The expanded partnership will have ethylene capacity of 11.4 billion lb/year and propylene capacity of almost 5 billion lb/year (see table). Equistar is already the U.S.'s largest polyethylene producer. The deal is the latest divestitute by parent Occidental Petroleum Corp. to help fund its acquisition of Elk Hills field (OGJ, Oct. 13, 1997, p. 35).
Oxy's assets
Equistar was formed last year from the olefins and polymers businesses of Lyondell and Millennium (OGJ, Oct. 20, 1997, p. 45).Initial ownership was Lyondell 57% and Millennium 43%. The expanded JV will be owned 41% by Lyondell and 29.5% each by Millennium and Oxy.
Occidental Chemical is contributing the following assets to the Equistar JV:
- Olefins plants at Corpus Christi and Chocolate Bayou, Tex., and Lake Charles, La. (combined ethylene capacity, 3.65 billion lb/year).
- Ethylene oxide (EO), ethylene glycol (EG), and EO derivatives businesses at Bayport and Beaumont, Tex. (includes Occidental's 50% stake in PD Glycol, a joint venture with DuPont Co. that operates EO/EG plants at Beaumont).
- A distribution system including more than 950 miles of ethylene/ propylene pipelines on the U.S. Gulf Coast and two storage wells in south Texas.
- Associated debt of $200 million.
Benefits of the deal
The partners say they have identified potential cost savings in manufacturing, purchasing, transportation, and staffing. Equistar's average cost of ethylene production will decline because more than two thirds of Oxy's ethylene capacity involves flexible crackers, which can process a variety of feedstocks. This enables these plants' operators to take advantage of changing feed prices. The deal will enable Equistar to expand into "less cyclical, higher-margin markets" with the addition of the EO and derivatives businesses.Dan F. Smith, CEO of Lyondell and Equistar, said, "The proximity of the assets to Equistar's existing Gulf Coast facilities enables us to capture additional cost savings and efficiencies ellipse(that) will enable us to increase annual profit improvement synergies for these combined businesses to more than $275 million in the year 2000."
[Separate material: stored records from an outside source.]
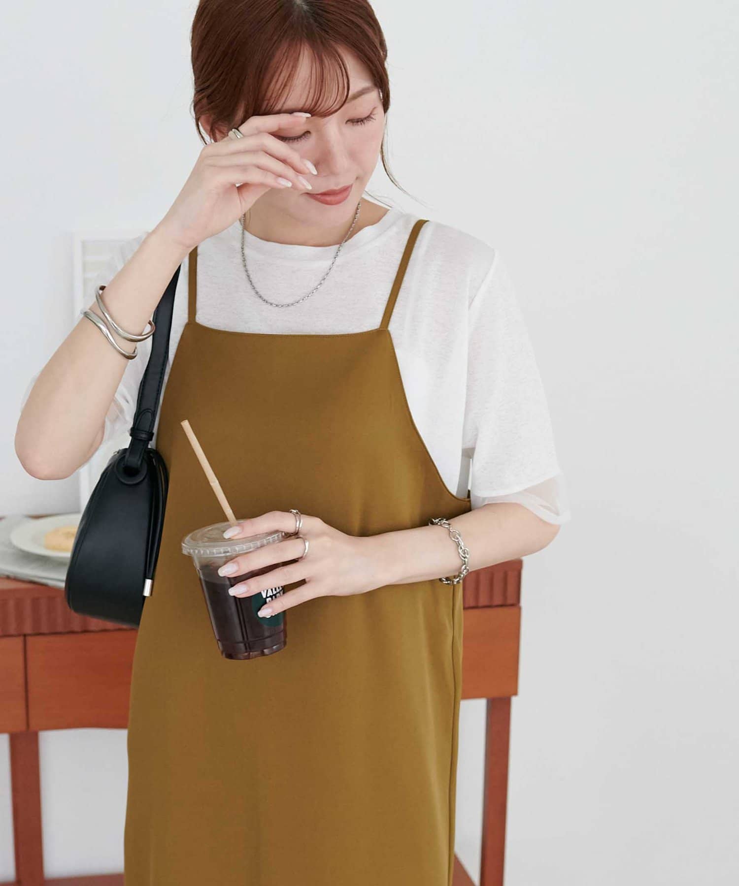 2人が参考になったと回答しています。買って大正解! のん 2025.06.09 グレー F 身長153cm 体重50kg~54kg 40歳~44歳 購入場所:パルクローゼット胸板厚め、胸大きめの骨格ストレート、身長低めなのでシルエットがどうなるか不安でしたが、ラインを拾いすぎることもなく、胸周りも少し余裕がある感じで着られました。やはり丈は長めで厚底必須でした。肩紐調整できますが、その分胸部分の布が上がってしまい窮屈に見えてしまうので変にならないギリギリまで短くして着ています。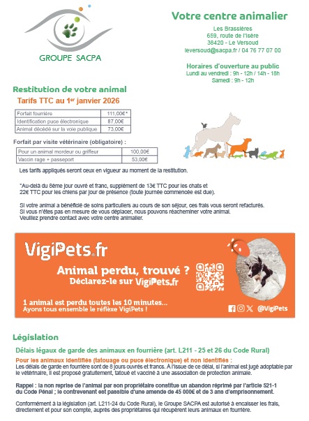 En cas de divagation d’un chien, nous les contactons afin que celui-ci soit récupéré.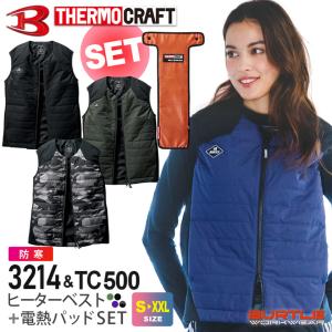 \P3倍/ バートル 3214+TC500 ヒーターベスト サーモクラフトセット BURTLE 【秋冬】 ベスト&電熱パッドセット 軽防寒 お買い得セット [バッテリー別売]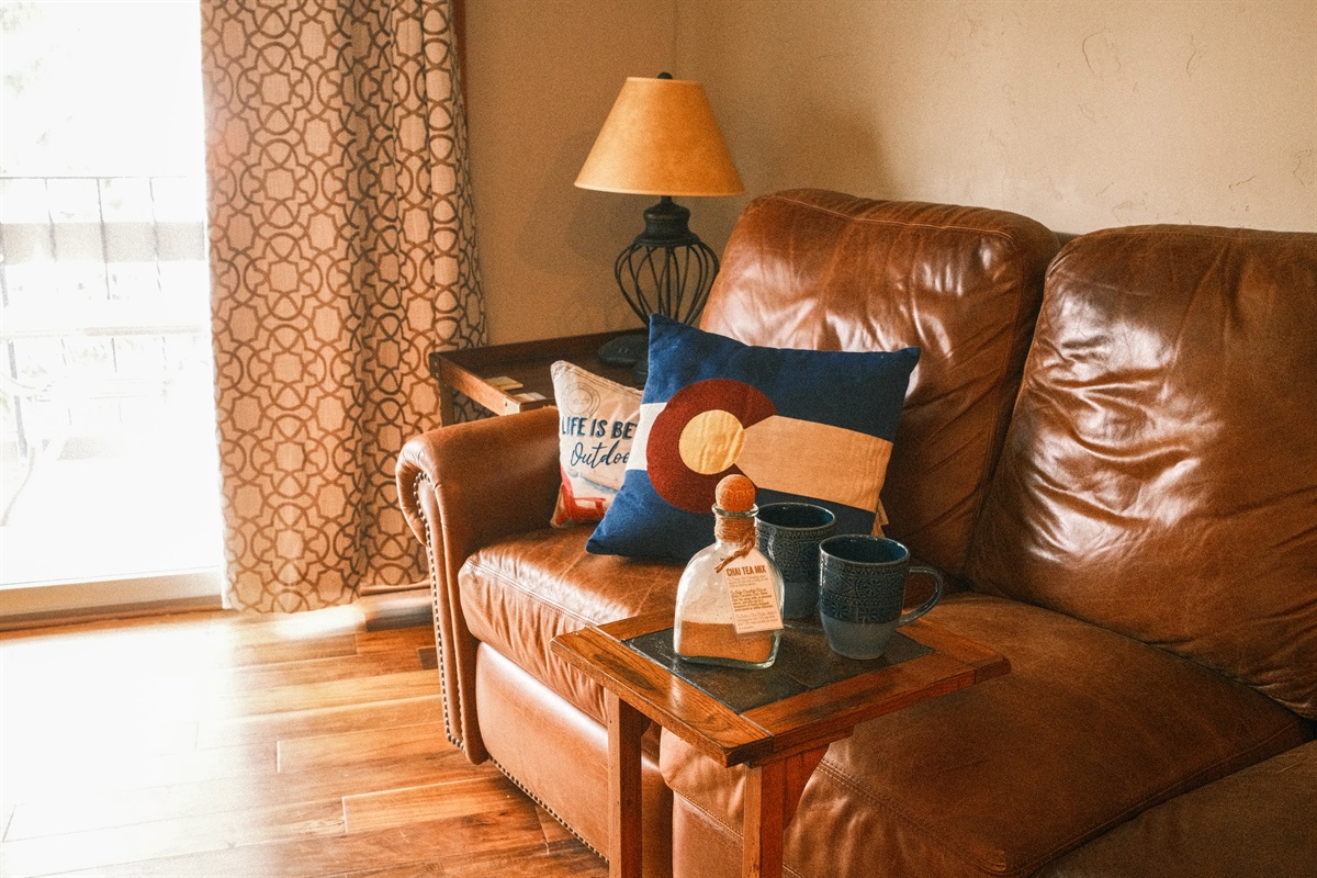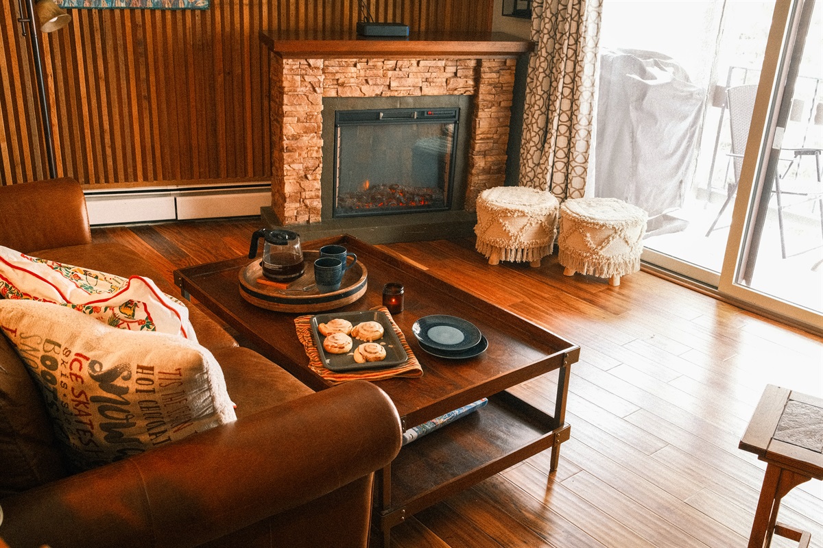 The open-plan living area is framed by soft wooden beams and antique touches. A leather sofa bed and leather sofa with built-in recliners faces an electric fireplace and a tall armoire, holding games and books for a lazy afternoon. Sliding doors lead to a private balcony where you can hear the breeze through the pines and possibly catch a glimpse of the wildlife.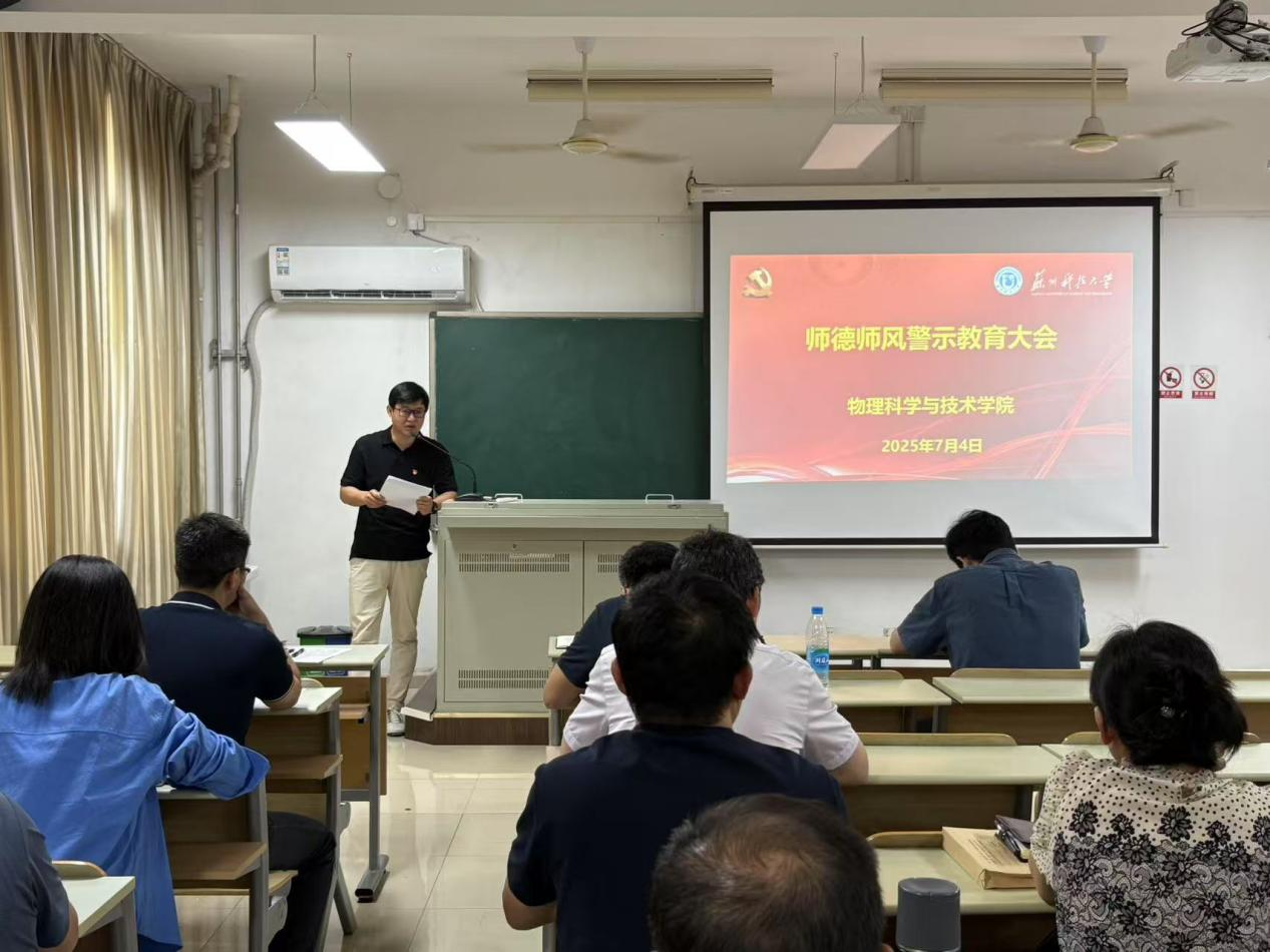 74日下午物理科学与技术学院在逸夫楼224召开师德师风警示教育大会。学院班子成员、全体教职工参加。会议由党委书记孙云飞主持。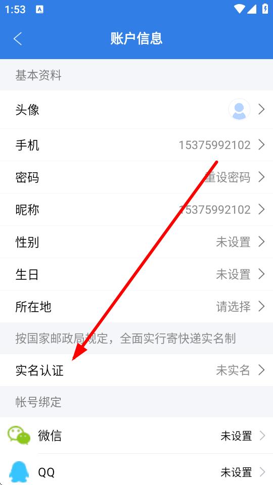 4、在账号设置的账户信息页面里,找到实名认证选项,点击未实名入口,按照后续提示完成实名认证操作。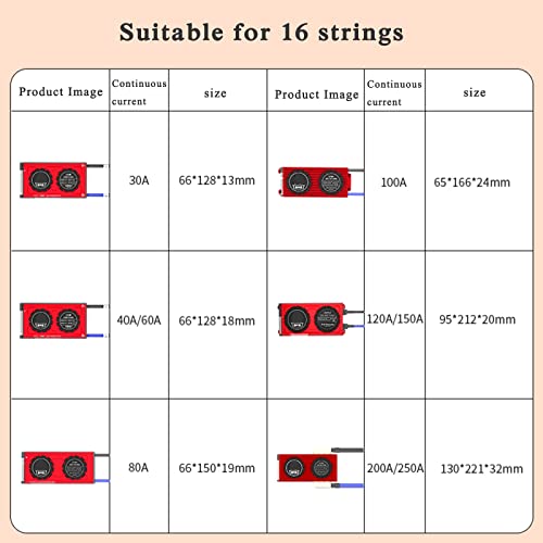 QQXY BMS 16S 30A-250A Scheda di Protezione della Batteria,Lifepo4 BMS PCB Piastra di Protezione Intelligente, con Cavo di bilanciamento, modulo BT e NTC (Size: 16S 48V 100A)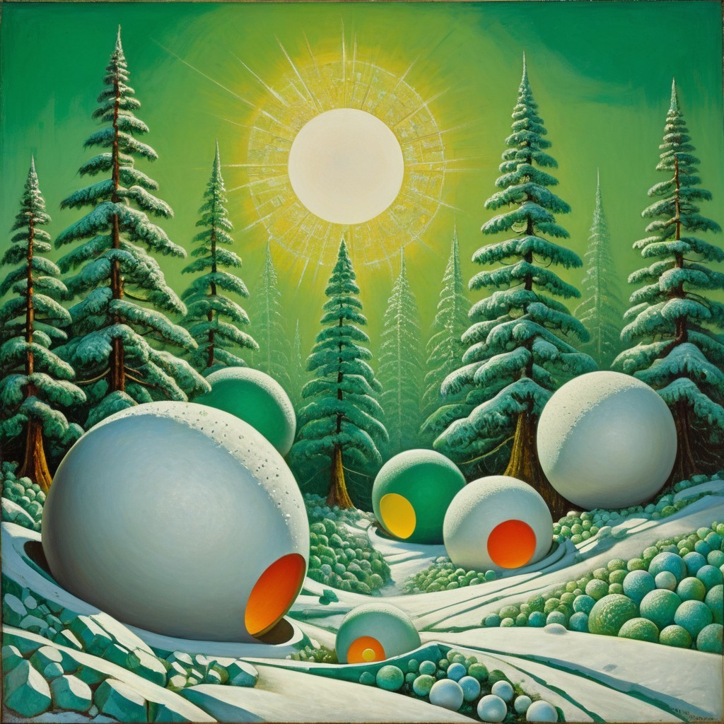 Prompt: Peinture à l'huile à la manière de Max Ernst. Des boules de neige posées dans une pente. Sapins insolites. Grand soleil. Couleurs dominantes vert amande, vert vif et blanc.

Oxy Pres. Dale R. Laurance, said, "The operating synergies and cost savings from the alliance will improve Occidental's earnings from its petrochemical assets and will significantly increase our return on assets in our petrochemicals segment. In addition, it will contribute $625 million to our previously announced goal of raising $4.7 billion to fund the purchase of the Elk Hills field and our common stock repurchase program."